**Available data**.
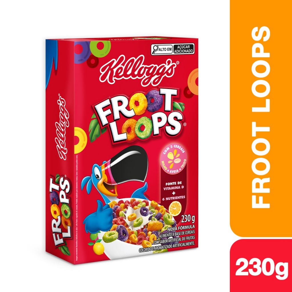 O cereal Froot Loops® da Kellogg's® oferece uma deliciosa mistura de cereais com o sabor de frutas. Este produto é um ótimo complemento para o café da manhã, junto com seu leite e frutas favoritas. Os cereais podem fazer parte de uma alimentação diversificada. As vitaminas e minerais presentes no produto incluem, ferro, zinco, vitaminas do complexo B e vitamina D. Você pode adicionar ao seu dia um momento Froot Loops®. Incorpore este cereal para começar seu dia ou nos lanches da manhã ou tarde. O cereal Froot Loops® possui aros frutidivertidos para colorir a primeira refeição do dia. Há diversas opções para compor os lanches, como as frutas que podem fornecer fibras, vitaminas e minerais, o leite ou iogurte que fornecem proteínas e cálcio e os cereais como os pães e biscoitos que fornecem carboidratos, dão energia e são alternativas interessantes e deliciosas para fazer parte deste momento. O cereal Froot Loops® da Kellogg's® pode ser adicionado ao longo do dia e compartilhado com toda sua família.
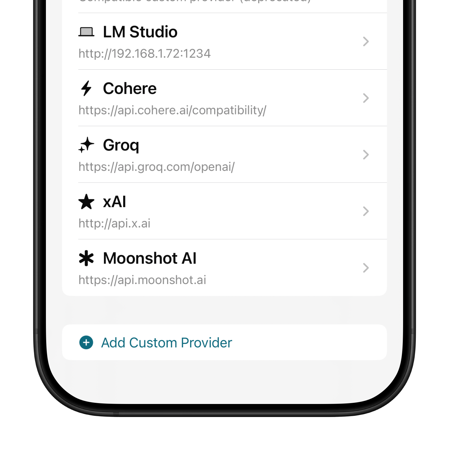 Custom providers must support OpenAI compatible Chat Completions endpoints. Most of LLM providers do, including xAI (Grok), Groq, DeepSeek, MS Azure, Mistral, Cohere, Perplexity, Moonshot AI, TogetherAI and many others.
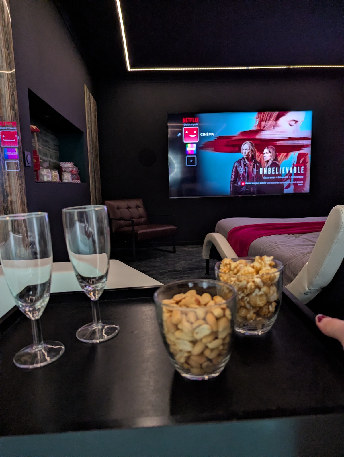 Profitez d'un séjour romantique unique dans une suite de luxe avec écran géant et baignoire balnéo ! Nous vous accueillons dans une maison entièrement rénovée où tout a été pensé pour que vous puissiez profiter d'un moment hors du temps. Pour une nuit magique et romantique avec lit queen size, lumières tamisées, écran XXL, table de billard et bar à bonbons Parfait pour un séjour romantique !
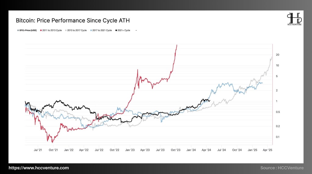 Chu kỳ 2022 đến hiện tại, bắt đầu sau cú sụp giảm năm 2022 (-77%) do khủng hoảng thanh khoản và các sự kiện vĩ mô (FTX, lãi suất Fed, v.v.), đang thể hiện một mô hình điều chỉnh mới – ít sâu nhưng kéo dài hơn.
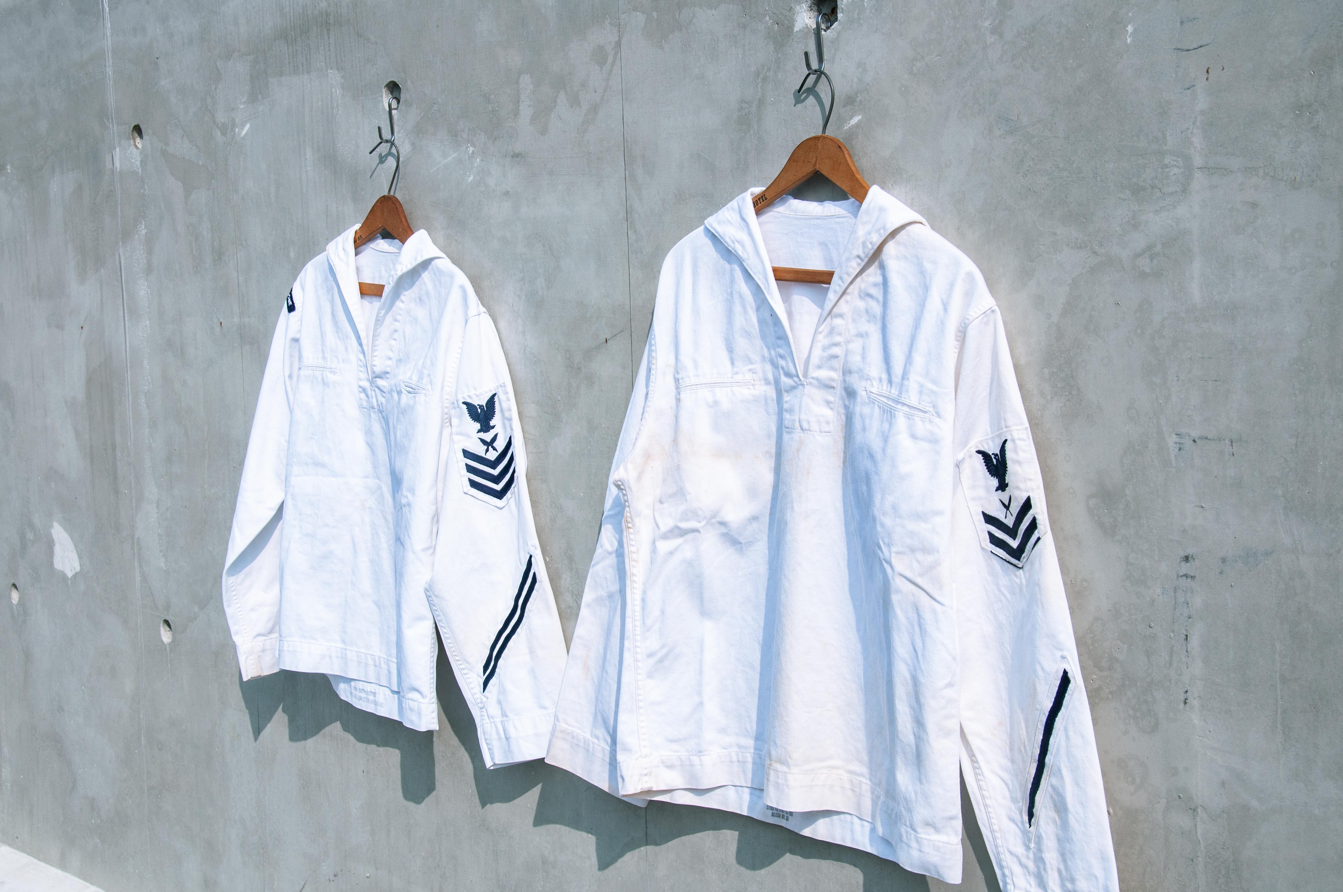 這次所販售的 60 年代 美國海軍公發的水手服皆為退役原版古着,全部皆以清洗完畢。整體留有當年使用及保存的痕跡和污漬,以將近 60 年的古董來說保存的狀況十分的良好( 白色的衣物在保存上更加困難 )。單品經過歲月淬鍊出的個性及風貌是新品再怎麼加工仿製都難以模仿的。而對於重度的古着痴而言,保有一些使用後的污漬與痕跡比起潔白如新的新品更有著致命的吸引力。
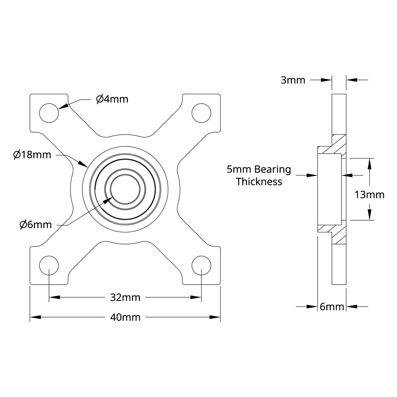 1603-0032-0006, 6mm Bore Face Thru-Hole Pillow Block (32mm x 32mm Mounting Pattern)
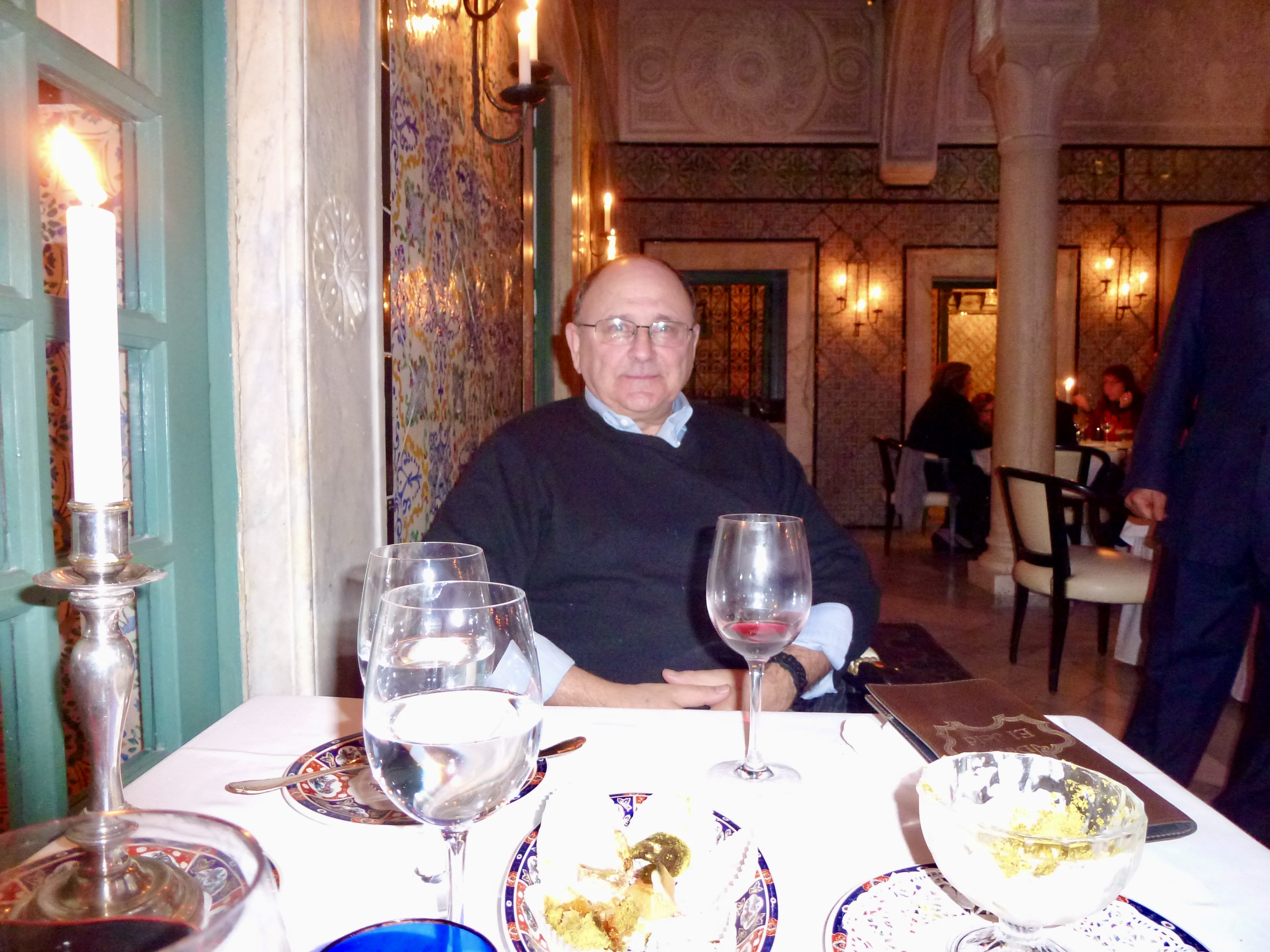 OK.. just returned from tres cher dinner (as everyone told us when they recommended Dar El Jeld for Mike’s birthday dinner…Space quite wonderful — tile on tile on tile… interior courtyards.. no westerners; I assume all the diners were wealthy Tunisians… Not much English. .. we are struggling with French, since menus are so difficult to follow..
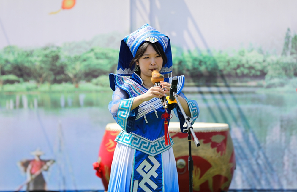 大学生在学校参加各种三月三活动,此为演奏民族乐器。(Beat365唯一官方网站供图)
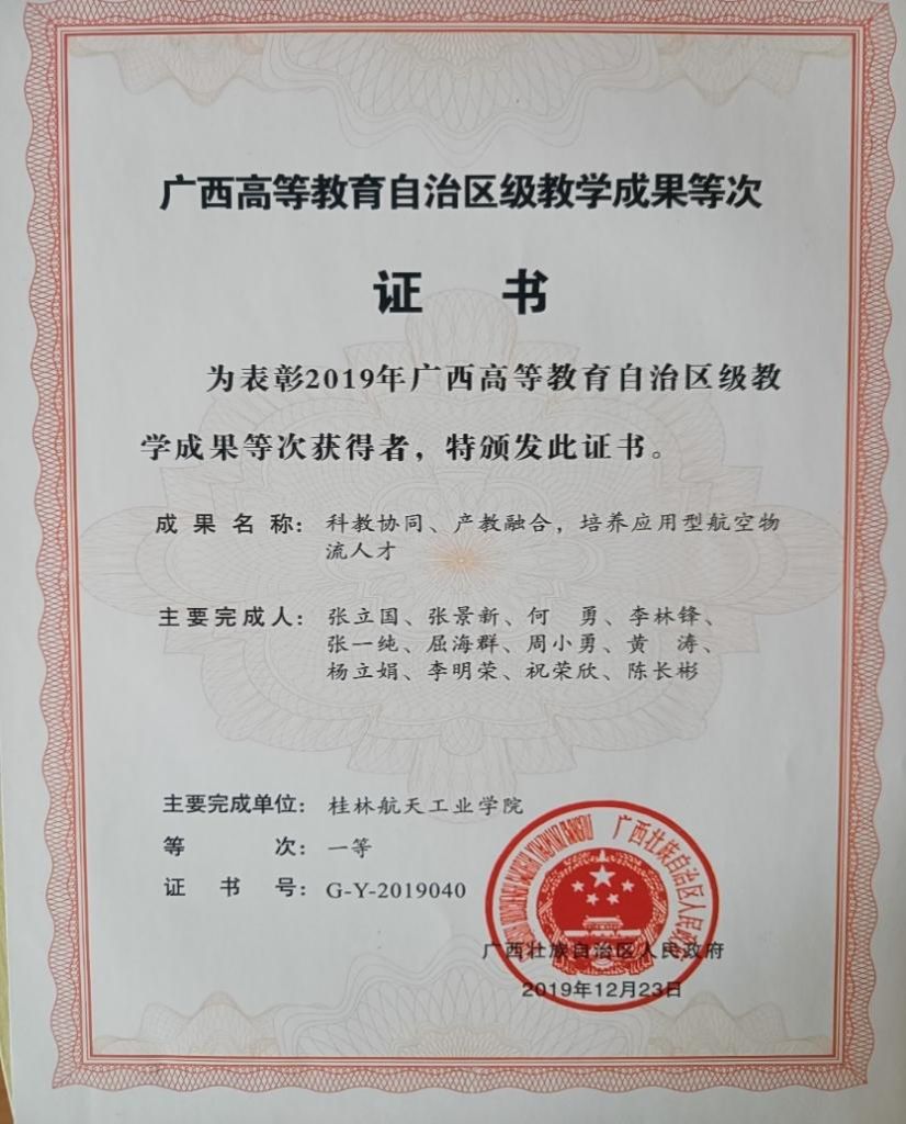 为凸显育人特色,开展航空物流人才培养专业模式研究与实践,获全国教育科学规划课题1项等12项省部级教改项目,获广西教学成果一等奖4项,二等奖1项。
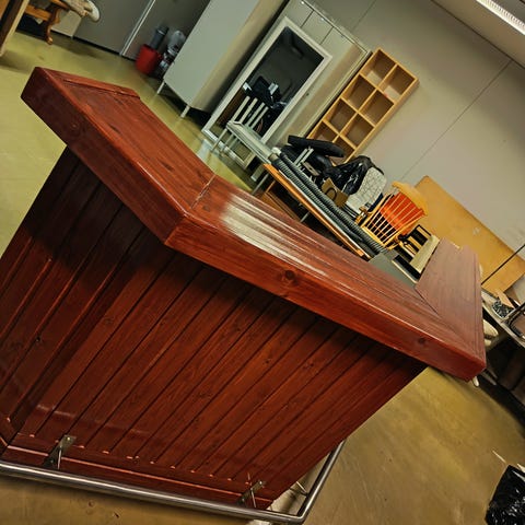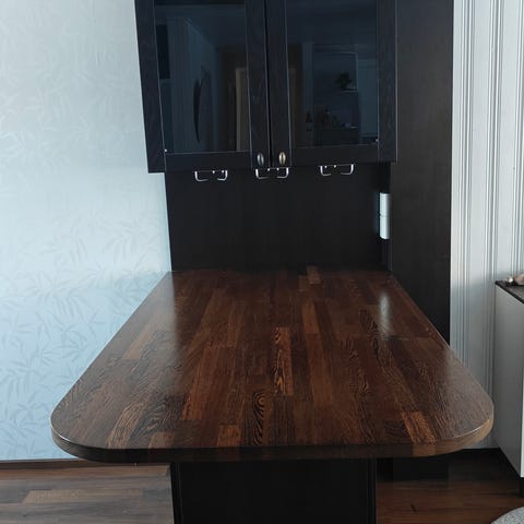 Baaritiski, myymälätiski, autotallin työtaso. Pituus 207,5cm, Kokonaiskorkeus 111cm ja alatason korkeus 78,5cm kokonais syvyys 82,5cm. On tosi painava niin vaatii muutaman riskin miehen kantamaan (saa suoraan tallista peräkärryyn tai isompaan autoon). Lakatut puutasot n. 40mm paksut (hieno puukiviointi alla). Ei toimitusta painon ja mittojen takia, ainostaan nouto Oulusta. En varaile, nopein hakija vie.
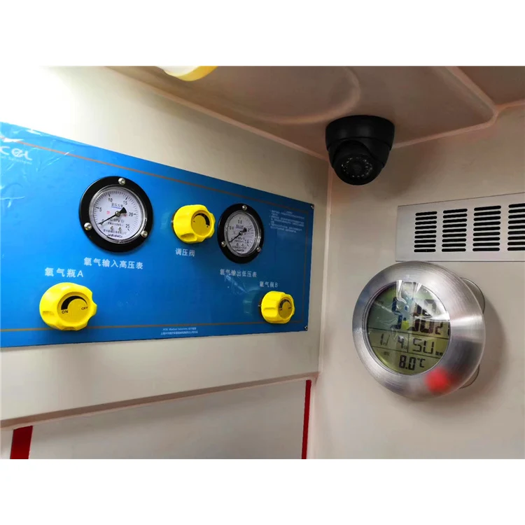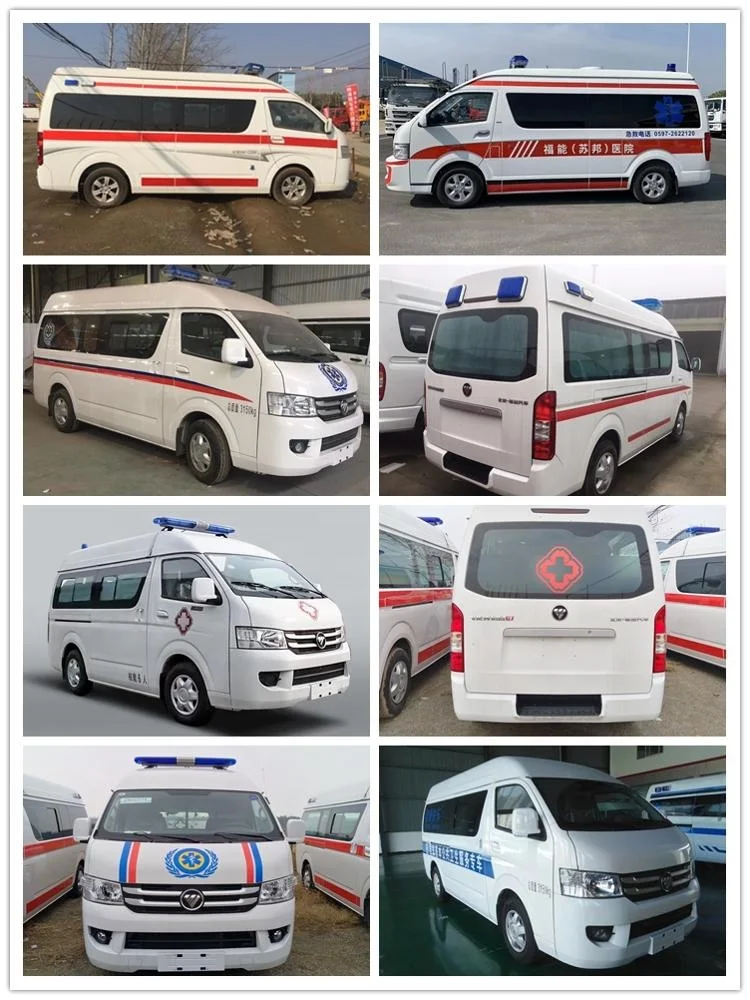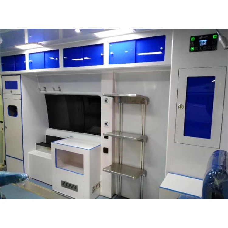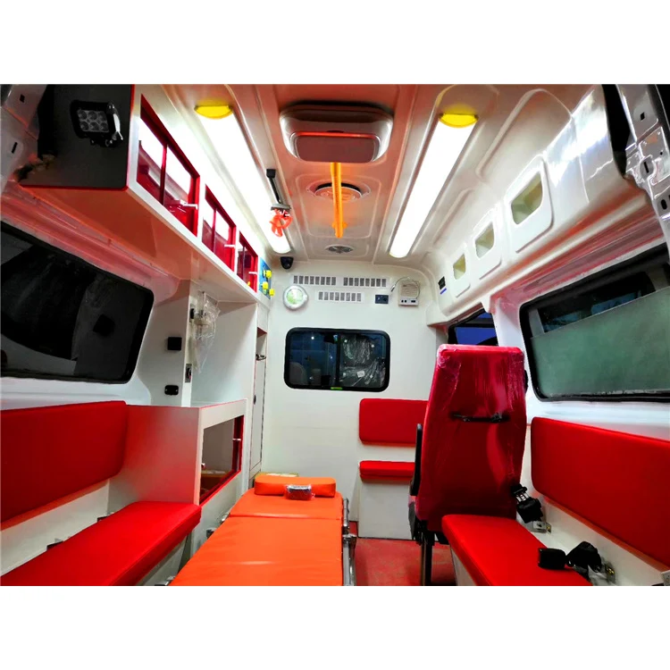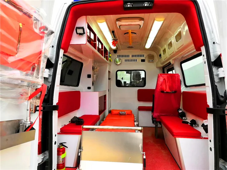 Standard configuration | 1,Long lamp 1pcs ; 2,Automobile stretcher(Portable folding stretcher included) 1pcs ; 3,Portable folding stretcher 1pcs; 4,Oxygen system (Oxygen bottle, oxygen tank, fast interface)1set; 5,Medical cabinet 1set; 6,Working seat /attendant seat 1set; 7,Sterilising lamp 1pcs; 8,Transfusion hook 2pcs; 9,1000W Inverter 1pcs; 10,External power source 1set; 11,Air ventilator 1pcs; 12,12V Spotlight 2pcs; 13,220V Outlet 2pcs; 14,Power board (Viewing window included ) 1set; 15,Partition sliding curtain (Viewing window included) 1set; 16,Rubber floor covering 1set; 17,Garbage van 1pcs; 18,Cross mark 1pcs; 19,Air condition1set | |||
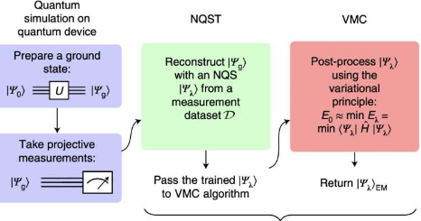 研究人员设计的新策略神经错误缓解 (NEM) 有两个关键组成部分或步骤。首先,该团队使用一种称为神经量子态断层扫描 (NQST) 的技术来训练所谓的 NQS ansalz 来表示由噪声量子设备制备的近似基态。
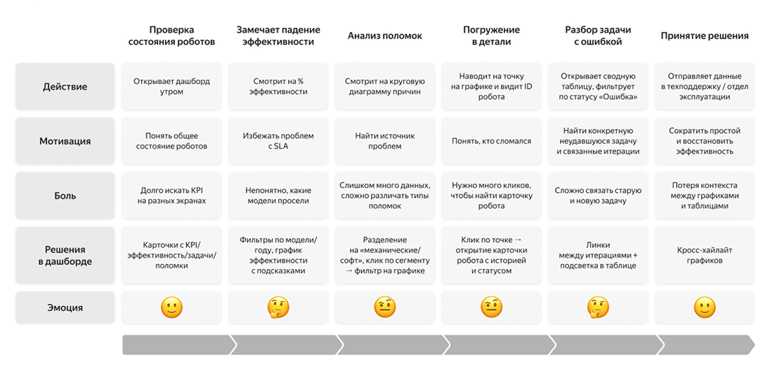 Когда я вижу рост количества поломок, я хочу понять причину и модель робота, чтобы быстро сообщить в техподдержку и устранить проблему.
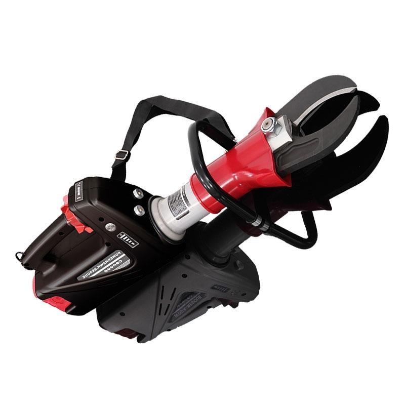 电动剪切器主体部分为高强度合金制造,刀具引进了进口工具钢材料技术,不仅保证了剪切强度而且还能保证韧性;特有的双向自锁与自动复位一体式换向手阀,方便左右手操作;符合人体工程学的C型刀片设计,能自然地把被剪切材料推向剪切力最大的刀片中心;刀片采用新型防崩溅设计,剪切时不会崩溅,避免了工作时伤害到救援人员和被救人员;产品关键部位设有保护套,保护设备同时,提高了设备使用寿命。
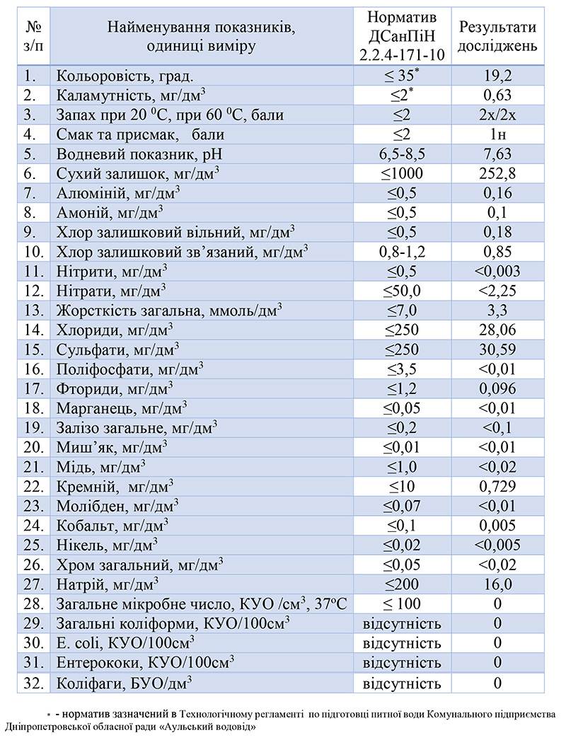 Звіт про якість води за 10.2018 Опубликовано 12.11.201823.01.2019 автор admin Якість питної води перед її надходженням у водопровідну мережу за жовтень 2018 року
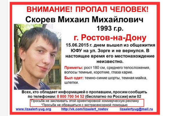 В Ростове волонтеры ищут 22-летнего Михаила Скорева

**About this task**. Working from the entries above, reproduce exactly and only the lines beginning with the line that has "Profitez d'un séjour" and ending with the line that has "Baaritiski, myymälätiski, autotallin"; omit all pictures.

**Your response**.
 Profitez d'un séjour romantique unique dans une suite de luxe avec écran géant et baignoire balnéo ! Nous vous accueillons dans une maison entièrement rénovée où tout a été pensé pour que vous puissiez profiter d'un moment hors du temps. Pour une nuit magique et romantique avec lit queen size, lumières tamisées, écran XXL, table de billard et bar à bonbons Parfait pour un séjour romantique !
 Chu kỳ 2022 đến hiện tại, bắt đầu sau cú sụp giảm năm 2022 (-77%) do khủng hoảng thanh khoản và các sự kiện vĩ mô (FTX, lãi suất Fed, v.v.), đang thể hiện một mô hình điều chỉnh mới – ít sâu nhưng kéo dài hơn.
 這次所販售的 60 年代 美國海軍公發的水手服皆為退役原版古着,全部皆以清洗完畢。整體留有當年使用及保存的痕跡和污漬,以將近 60 年的古董來說保存的狀況十分的良好( 白色的衣物在保存上更加困難 )。單品經過歲月淬鍊出的個性及風貌是新品再怎麼加工仿製都難以模仿的。而對於重度的古着痴而言,保有一些使用後的污漬與痕跡比起潔白如新的新品更有著致命的吸引力。
 1603-0032-0006, 6mm Bore Face Thru-Hole Pillow Block (32mm x 32mm Mounting Pattern)
 OK.. just returned from tres cher dinner (as everyone told us when they recommended Dar El Jeld for Mike’s birthday dinner…Space quite wonderful — tile on tile on tile… interior courtyards.. no westerners; I assume all the diners were wealthy Tunisians… Not much English. .. we are struggling with French, since menus are so difficult to follow..
 大学生在学校参加各种三月三活动,此为演奏民族乐器。(Beat365唯一官方网站供图)
 为凸显育人特色,开展航空物流人才培养专业模式研究与实践,获全国教育科学规划课题1项等12项省部级教改项目,获广西教学成果一等奖4项,二等奖1项。
 Baaritiski, myymälätiski, autotallin työtaso. Pituus 207,5cm, Kokonaiskorkeus 111cm ja alatason korkeus 78,5cm kokonais syvyys 82,5cm. On tosi painava niin vaatii muutaman riskin miehen kantamaan (saa suoraan tallista peräkärryyn tai isompaan autoon). Lakatut puutasot n. 40mm paksut (hieno puukiviointi alla). Ei toimitusta painon ja mittojen takia, ainostaan nouto Oulusta. En varaile, nopein hakija vie.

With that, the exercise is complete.